I understand now how to build a big audience and it’s clear how it can be monetized, if that’s your priority. You simply choose a sizable online audience and repeatedly say what they want to hear. Get them riled up. Preach to the converted and have them turn you into a star or hero for their cause. Pander to them. They’ll come back and they’ll share your links with others. Then you can load your site with intrusive ads that annoy people, but not enough to quit visiting.
I can’t do that. It doesn’t seem honest to me, somehow. Even more important, though, it doesn’t seem to be a life worth living. Maybe it is for some people, but it’s not for me.
I’m interested in living well and in figuring out how to be a better person.

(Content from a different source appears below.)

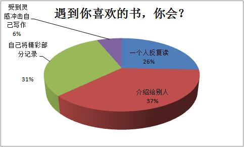 2.在遇到自己喜欢的图书时,大部分人选择介绍给别人阅读或者自己反复阅读,一小部分人会将精彩的部分记录下来,只有6%的人会受到灵感冲击自己写作。“好记性不如烂笔头”,多做记录才能让我们受益更多,进行创作则能让灵感真正属于自己为自己所用。
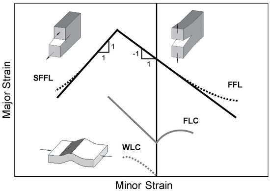 The fracture forming limit line (FFL) defines failure by fracture in mode I, and is plotted as a straight line falling from left to right with a slope of ‘−1’ in principal strain space. The physics of the FFL is the condition of maximum admissible thickness reduction at fracture [4]. The shear fracture forming limit line (SFFL) defines failure by fracture in mode II, and is plotted as a straight line rising from left to right with a slope of ‘+1’ in principal strain space. The physics of the SFFL is the condition of maximum in-plane shear work per unit of volume, as it was recently shown by Isik et al. [5]. Figure 1 illustrates the typical locations of the FFL and SFFL in principal strain space.

I’m interested in finding love and understanding from people who matter to me. I’m interested in connections with people who I respect and admire.
This isn’t a way to get wealthy. There’s a much more robust “market demand” for anger and hatred than for the things I want to talk about these days, but I’m doing what’s right for me. I feel as though I’m doing what both love and my artistic integrity say I should do.
Maybe there’s a way to turn that into art that has a market value. Maybe not. But it’s the right thing for me to do.